Maura Healey’s budget chief, Matt Gorzkowicz, had a split-second answer ready to go Wednesday when, after detailing the governor’s sweeping annual budget bill, a reporter asked what he expects to be the biggest fiscal-management challenge in the year ahead.

Health care costs, he replied almost immediately, a fitting choice as the state stares down the prospect of sharply rising Medicaid needs and an expected decline in federal funding that would otherwise ease the burden.

As is typically the case, the state’s Medicaid program, MassHealth, figures to be the single largest area of spending in the fiscal year 2027 budget proposal Healey unveiled Wednesday, accounting for $22.7 billion of the roughly $63.4 billion bottom line.

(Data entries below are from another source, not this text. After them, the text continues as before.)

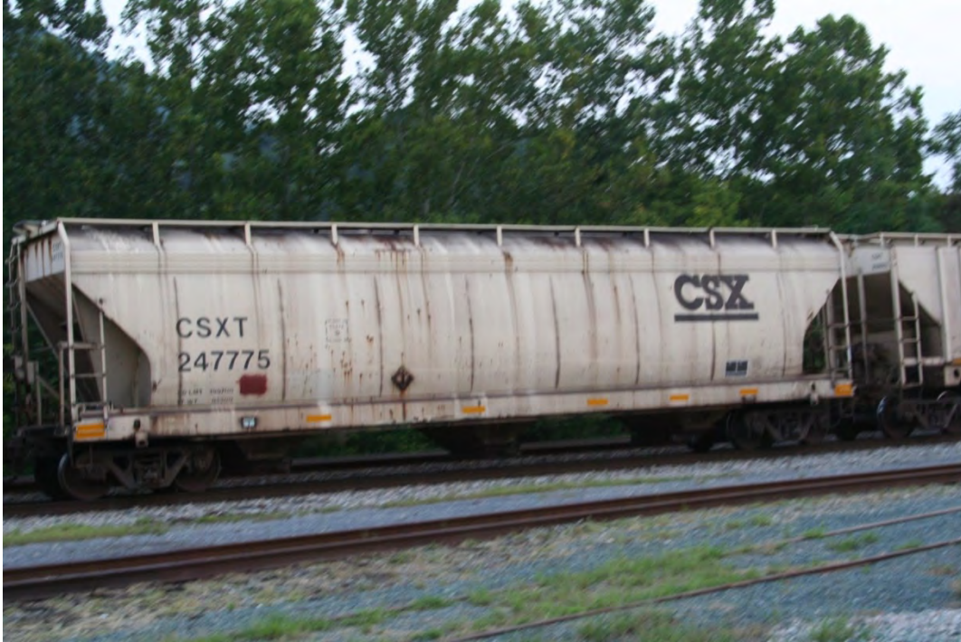
CSXT 247775 is seen at Bowling Green, Kentucky. She is one of 119 sister three bay cars that are 58 feet 1 inch long, 10 feet 8 inches wide, and 15 feet 1 inch tall. With an internal capacity of 4,600 cubic feet, she can carry 263,000 pounds of product.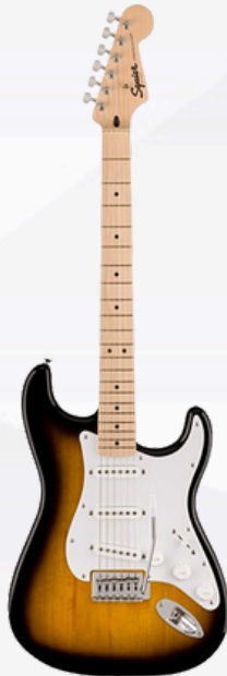
FENDER STRAT SQUIER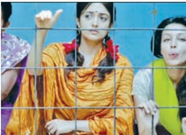
Lakshmi is based on the real-life story of a 14-year-old girl kidnapped and forced into prostitution.—PTI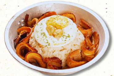
Bacon Shack Bowl

Beef Teriyaki P290 Chicken Teriyaki P280 Adobo Flakes P275 Bacon Bowl P275 Chori Bowl P275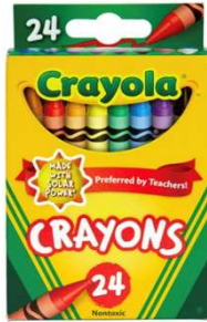
4 Packs of Crayola Crayons (24 color pack)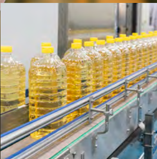
FOOD AND BEVERAGE PRODUCTION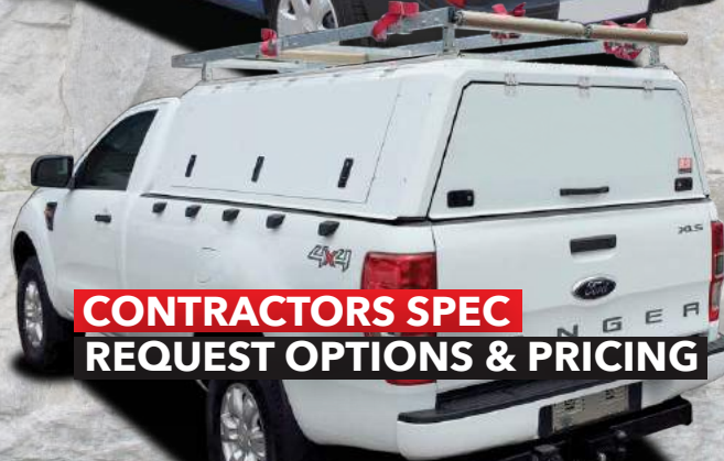
CONTRACTORS SPEC REQUEST OPTIONS & PRICING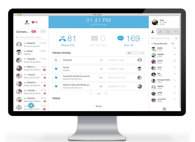
iPECS UCS Desktop Client for Mac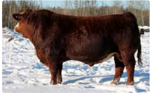
KOP SPARTAN 113A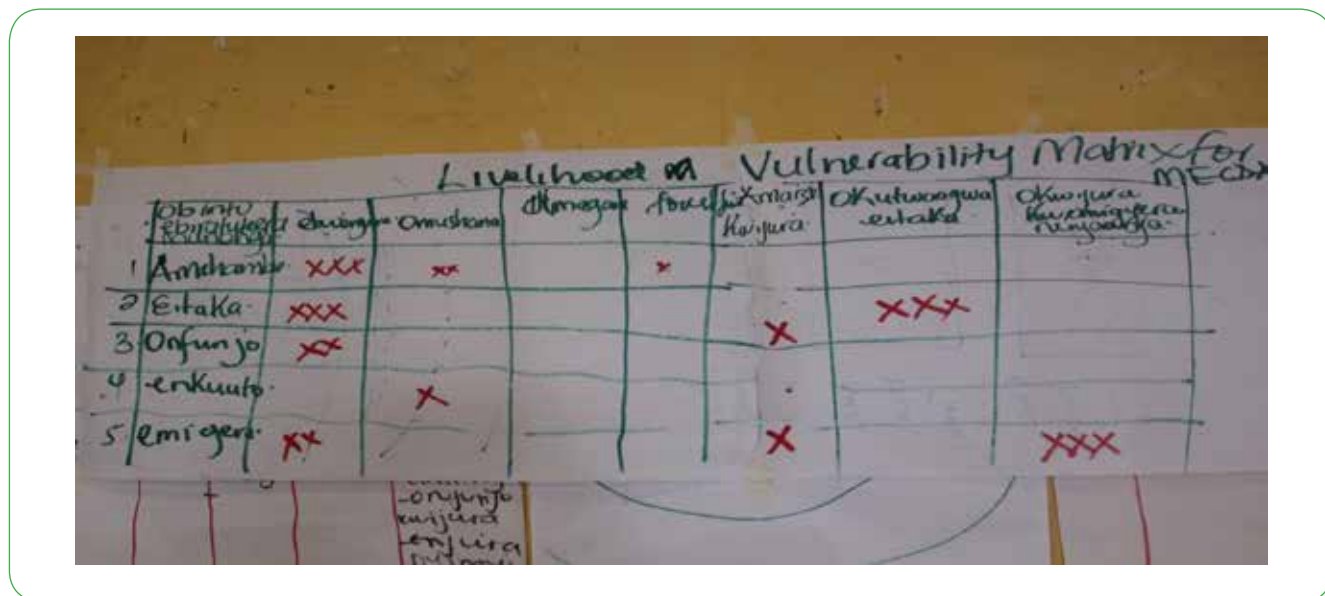
Table 4: Livelihood Vulnerability and trends in the Impact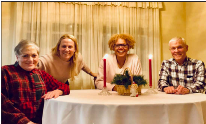
Christmas Eve family love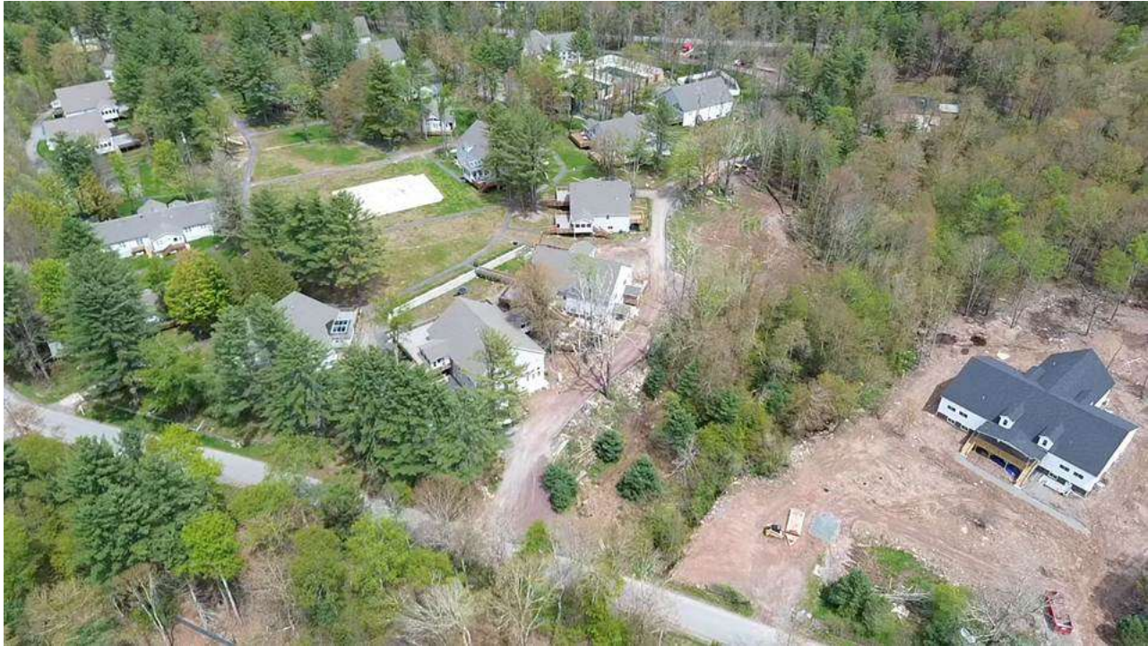
Figure 3. Outreach Radius Map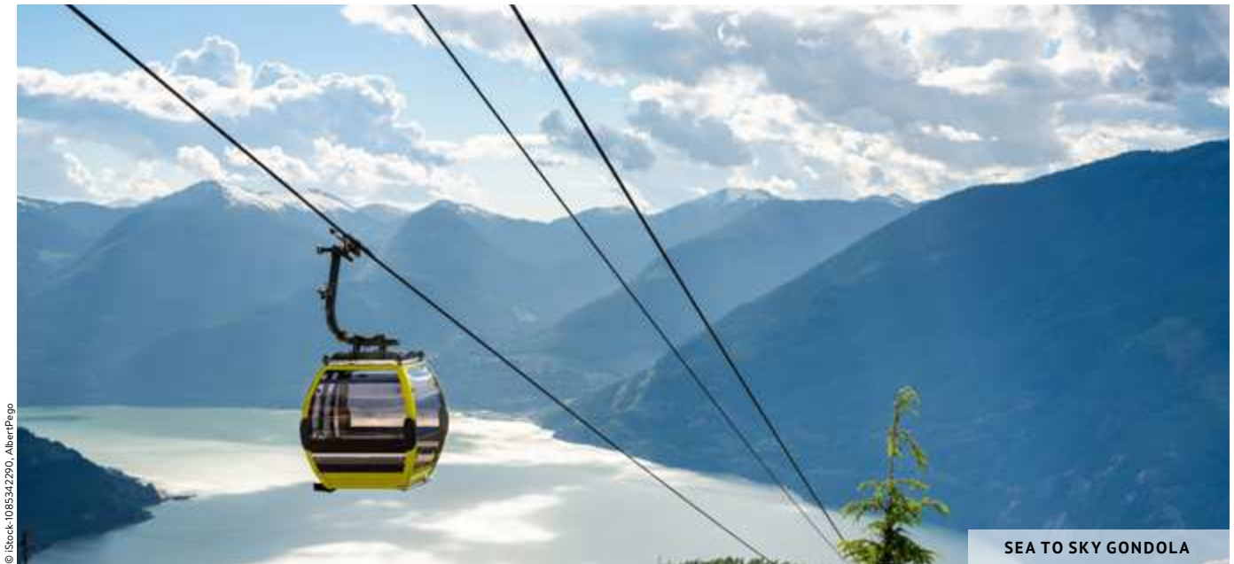
SEA TO SKY GONDOLA

Provincial Park. The waterfall is best seen from the viewing platform, which also presents some marvelous views of Daisy Lake and the surrounding mountains. The 30-minute round trip hike to the viewpoint is easy and well worth the effort! 604-986-9371 BCPARKS.CA/EXPLORE/PARKPGS/BRANDYWINE_FALLS/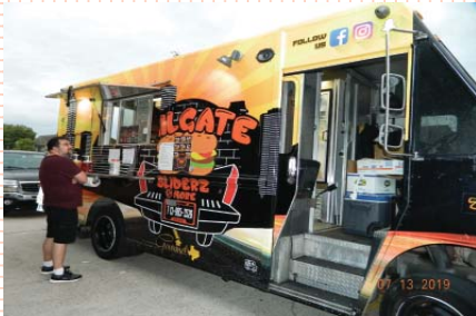
Sliders and more from the TailGate food truck.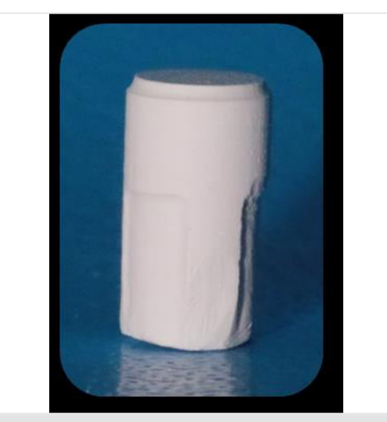
Figure 1. Side view of zirconia sample produced with CAM

The zirconia structures used in the study were obtained from pre-sintered Katana zirconia blocks (Kuraray Noritake Inc., Kurashiki, Japan). The dimensions of the zirconia samples were designed to be 3 mm in diameter and 6 mm in length after sintering. Designs were prepared using DWOS<sup>®</sup> (Dental Wings Open System) computer-aided design (CAD) software. Eighty samples were designed and produced by using computer aided manufacturing (CAM) (CAM Yenadent DC40, Yenadent Ltd., Istanbul, Turkey) (Figure 1, 2). Since the zirconia structures showed 20% shrinkage linearly after the sintering process, the samples were designed at this rate than the specified dimensions. Afterwards, it was sintered at 1500 °C for 2 hours in the sintering furnace (Programat CS4, Ivoclar Vivadent, Germany) in line with the manufacturer's recommendations.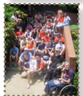
World Industrial Design Day at Wallace Center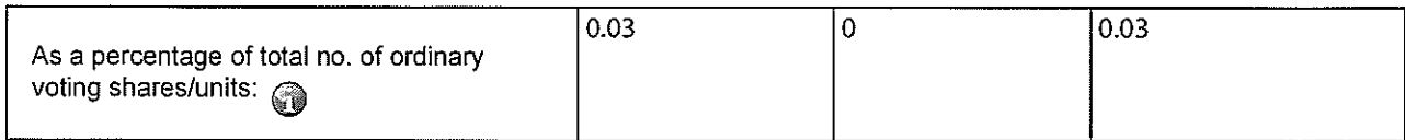
Table 3. Change in respect of rights/options/warrants over shares/units of Listed Issuer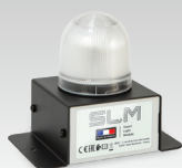
SLM : Smart Light Module 027978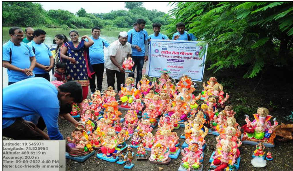
Collection of idols from devotees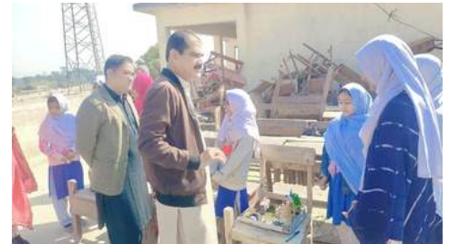
Government Girls Higher Secondary School Chambar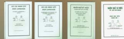
4 Books published in May, 2007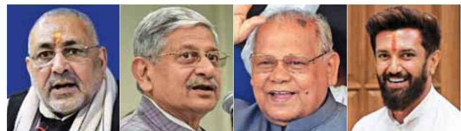
(Left to right): Giriraj Singh (BJP), Lalan Singh (JD(U)), Jitan Ram Manjhi (HAM) and Chirag Paswan (LNP)

combination and comfort of the allies have been kept in mind. The other five Bihar leaders who were inducted in the Council of Ministers included JD(U)'s Rajiv Ranjan Singh,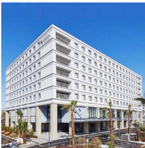
Hotel (Emion Square)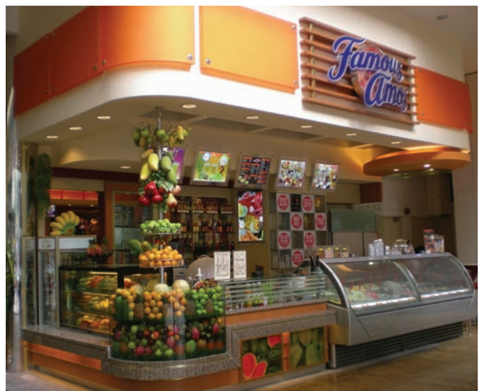
Our Famous Amos Chocolate Chip Cookie business: 59 outlets nationwide and growing.

After federal reimbursements, budget-writers expect a net cost to the state of $9.3 billion, about 7.4 percent more than last year. That’s roughly twice the rate of overall spending growth in Healey’s annual budget, even after accounting for attempts to rein in the trend with targeted cuts.

Healey’s plan would cap dental benefits for adult MassHealth members at $1,000 per year and reduce funding for care management. She’ll also instruct MassHealth to take administrative steps to end coverage of GLP-1 drugs when used only for weight loss.

Taken together, those three steps would save $311 million in total MassHealth spending, or $110 million after accounting for federal reimbursements, according to Healey’s budget office.

Healey said her team looked for “places we can shave a little because we don’t have a choice.” Without those maneuvers and several other one-time fixes, she said, MassHealth spending would have increased by a double-digit percentage.